Me conocían muy bien, y conocían su oficio.

El que se parecía a Lester se colocó detrás de mí, rodeó mi cuerpo con los brazos y comenzó a acariciarme, a sobarme con las manos abiertas, hablándome en voz alta, subiéndome el vestido por detrás, descubriendo la carne desnuda con fingida sorpresa, apretándose contra mí, clavándome la bragueta de sus pantalones de cuero en el culo, moviéndose rítmicamente para impulsarme hacia delante.
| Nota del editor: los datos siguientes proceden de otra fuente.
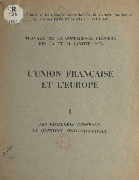 7. L'Union française et l'Europe (1). Les problèmes généraux. La question institutionnelle
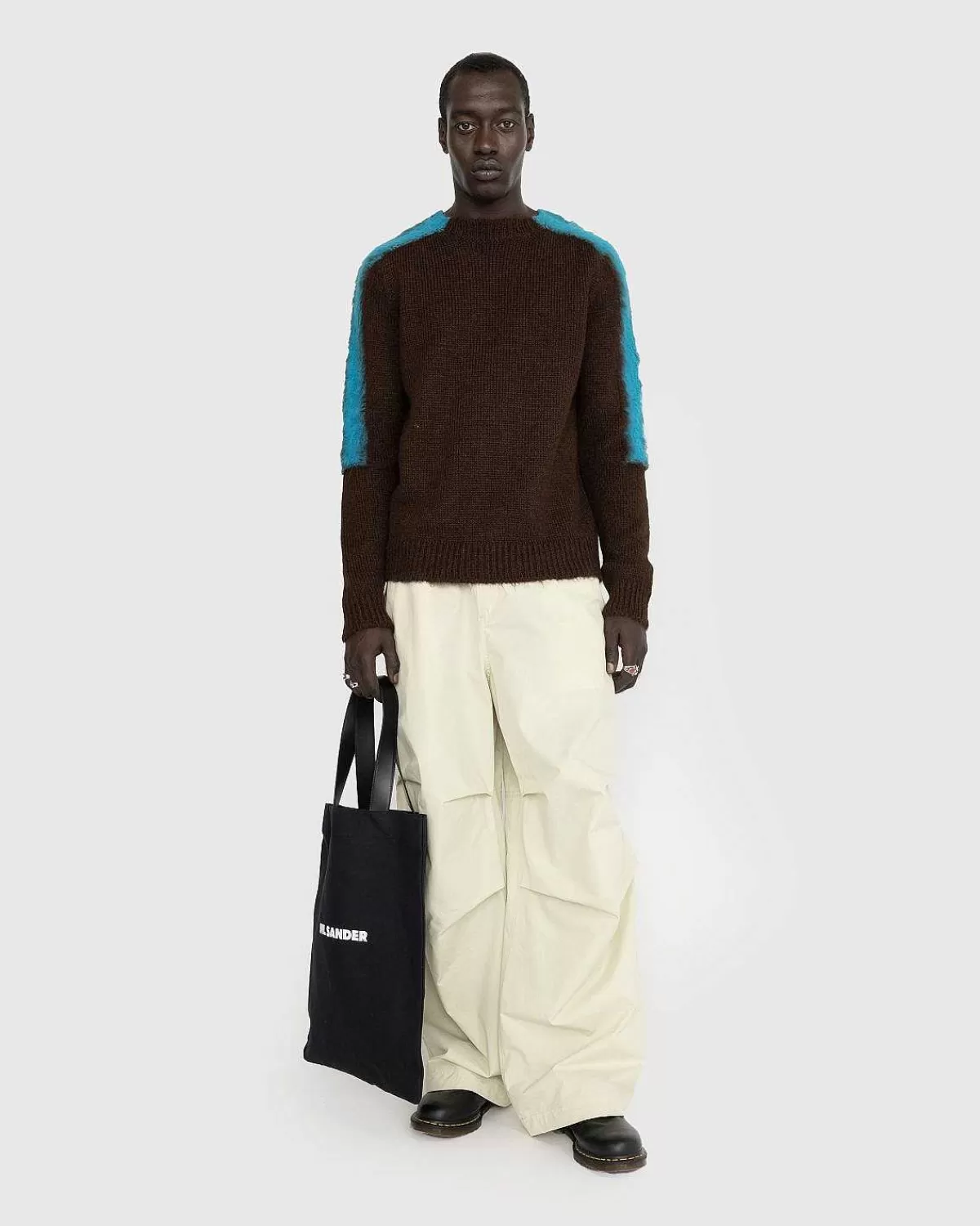 Et Slidstærkt Bomulds- Og Hørlærred Bruges Til Kroppen Af Jil Sander-Bogstasken, Da Håndtagene Er Det, Der Tiltrækker Opmærksomhed, Og De Kommer Frem I Plyslæder. Læder Er Også Brugt På Den Indvendige Lomme På Tasken, En Der Giver Dig Mulighed For Mere Bekvemt At Opbevare Mindre Genstande. Med Hensyn Til Branding Er Bogpakken Detaljeret Med Et Minimalt Logo, Etikettens Signatur, Front Og Center.

Manolo me había jurado un par de veces que era un homosexual puro, que solamente le gustaban los hombres, y de hecho jamás había follado conmigo, pero a veces me costaba trabajo creérmelo.

Como compensación, su novio, que se llamaba Juan Ramón, tenía cara de tonto y contemplaba la escena con expresión risueña, se calzaba cualquier cosa que le pusieran delante.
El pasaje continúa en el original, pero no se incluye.